Meer kinderen dan ooit ingeënt tegen ziektes 21 oktober 2009, Washington D.C. - Vandaag de dag worden meer kinderen ingeënt tegen ziektes dan ooit tevoren. Dit meldt `The State of the World's Vaccines and Immunization', een rapport van de Wereldgezondheidsorganisatie (WHO), de Wereldbank en UNICEF. Toch krijgen 24 miljoen kinderen door allerlei oorzaken nog steeds geen of onvoldoende vaccinaties.
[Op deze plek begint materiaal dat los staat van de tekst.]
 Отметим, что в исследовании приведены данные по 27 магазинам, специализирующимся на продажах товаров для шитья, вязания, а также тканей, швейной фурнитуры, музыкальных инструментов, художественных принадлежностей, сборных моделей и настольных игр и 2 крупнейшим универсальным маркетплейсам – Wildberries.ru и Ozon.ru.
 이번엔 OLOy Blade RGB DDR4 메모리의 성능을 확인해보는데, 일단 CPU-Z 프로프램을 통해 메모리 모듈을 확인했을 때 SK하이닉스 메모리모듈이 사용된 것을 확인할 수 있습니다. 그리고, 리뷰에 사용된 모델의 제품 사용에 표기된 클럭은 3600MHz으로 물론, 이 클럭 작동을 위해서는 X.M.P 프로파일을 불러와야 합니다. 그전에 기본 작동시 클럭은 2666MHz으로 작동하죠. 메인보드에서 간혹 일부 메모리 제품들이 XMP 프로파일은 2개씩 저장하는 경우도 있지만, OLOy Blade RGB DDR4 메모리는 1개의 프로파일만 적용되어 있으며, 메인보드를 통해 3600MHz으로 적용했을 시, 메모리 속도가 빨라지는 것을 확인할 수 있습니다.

In 2008 is een recordaantal van 106 miljoen kinderen ingeënt. De toegenomen vaccinaties hebben, samen met een betere beschikbaarheid van schoon water en sanitaire voorzieningen, gezorgd voor een daling van de kindersterfte. Voor het eerst in de geschiedenis overlijden minder dan 10 miljoen kinderen per jaar. Er zijn momenteel minstens 120 vaccins beschikbaar tegen onder andere tuberculose, difterie, tetanus, kinkhoest, polio, mazelen, hepatitis B en Hib (Haemophilus influenzae type b), die jaarlijks 2,5 miljoen doden voorkomen. In 2020 kunnen dankzij de toegenomen vaccinaties zowel polio als mazelen uitgeroeid zijn.
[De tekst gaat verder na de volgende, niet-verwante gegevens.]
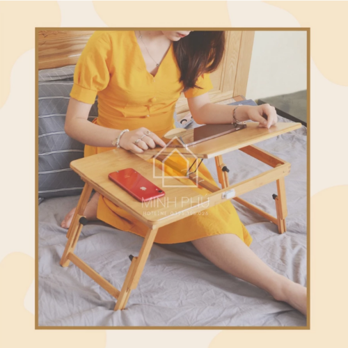 Bàn Gấp Gọn Gỗ Tre Tự Nhiên, Bàn Laptop Thông Minh Có Thể Điều Chỉnh Độ Cao
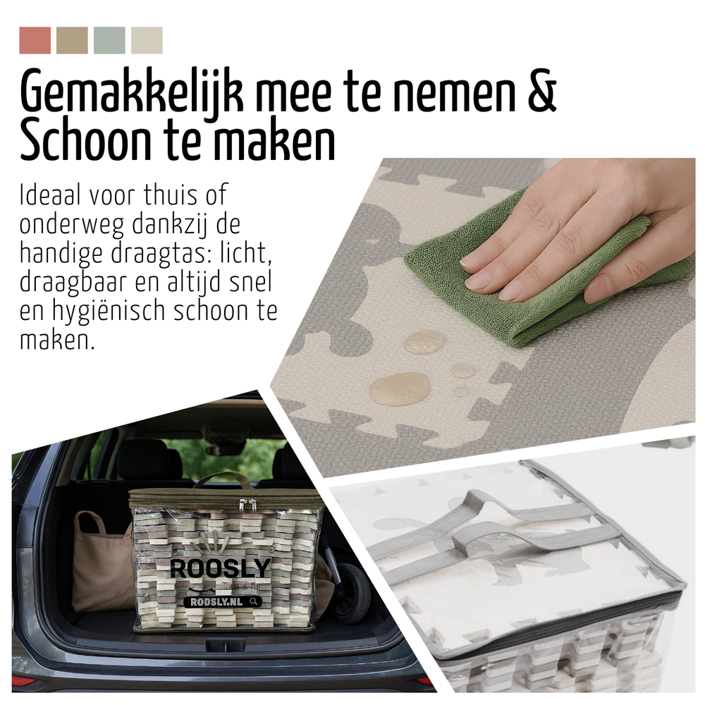 Veilig en Gemakkelijk Schoon te Houden: Ons EVA-schuim is duurzaam en waterafstotend, waardoor het gemakkelijk te reinigen is. Je kunt het eenvoudig afnemen met een vochtige doek, en dankzij de opstaande randen blijft speelgoed op zijn plaats.
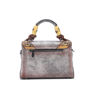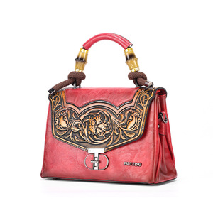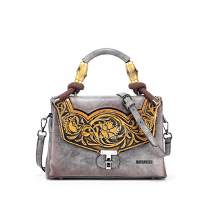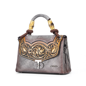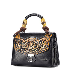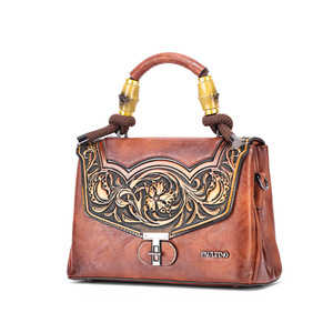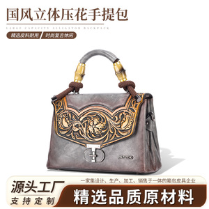 跨境直供国风复古女士手提包小拎包真皮质感雕花马鞍包单肩斜挎包
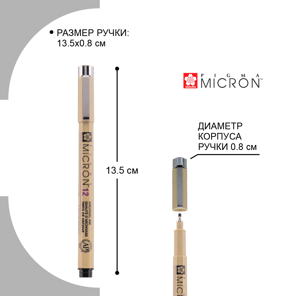Ручка капиллярная Sakura Pigma Micron 0.6 мм, цвет чернил: черный

Meer dan tachtig vaccins in ontwikkeling De eerste helft van de 21ste eeuw is de meest productieve in de geschiedenis van de vaccinontwikkeling. Er zijn vaccins beschikbaar gekomen tegen hersenvliesontsteking, het rotavirus (dat zorgt voor braken en diarree), het H5N1-virus (vogelgriep), pneumokokken en het humaan papillomarivus (dat baarmoederhalskanker veroorzaakt). Meer dan tachtig vaccins zijn in ontwikkeling; dertig daarvan bieden bescherming tegen ziektes waartegen tot nu toe geen vaccins beschikbaar waren. Farmaceuten in ontwikkelingslanden nemen 86 procent van de wereldwijde vraag naar vaccins voor hun rekening, zoals die tegen mazelen, kinkhoest, tetanus en difterie.
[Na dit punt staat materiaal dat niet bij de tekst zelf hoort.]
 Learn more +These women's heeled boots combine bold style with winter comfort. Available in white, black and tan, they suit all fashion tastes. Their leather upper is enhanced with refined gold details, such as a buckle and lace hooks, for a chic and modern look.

De WHO heeft berekend dat als alle vaccins tegen kinderziektes wereldwijd zouden worden gebruikt en als landen het percentage kinderen dat ingeënt wordt kunnen opschroeven naar 90 procent, vanaf 2015 elk jaar nog eens twee miljoen kinderlevens gespaard zouden kunnen worden.

Dat meer kinderen dan ooit worden ingeënt, is voor een groot deel te danken aan de inspanningen van GAVI, een samenwerkingsverband van de WHO, de Wereldbank, the Bill & Melinda Gates Foundation en UNICEF. Sinds 2000 heeft GAVI ervoor gezorgd dat meer dan 200 miljoen kinderen in ontwikkelingslanden konden worden gevaccineerd.

Geen vaccinaties voor 24 miljoen kinderen Toch blijven nog steeds talloze kinderen in hun eerste levensjaar verstoken van vaccinaties, of krijgen die niet allemaal. In 2007 ging het om 24 miljoen kinderen, bijna 20 procent van alle kinderen die jaarlijks worden geboren. Vooral in de armste landen en binnen de armste gemeenschappen is dit het geval. Dat zij geen of onvoldoende vaccinaties krijgen heeft allerlei oorzaken; de gezondheidszorg functioneert bijvoorbeeld niet goed of is helemaal afwezig, kinderen zijn moeilijk bereikbaar of ze wonen in een gebied waar het oorlog is.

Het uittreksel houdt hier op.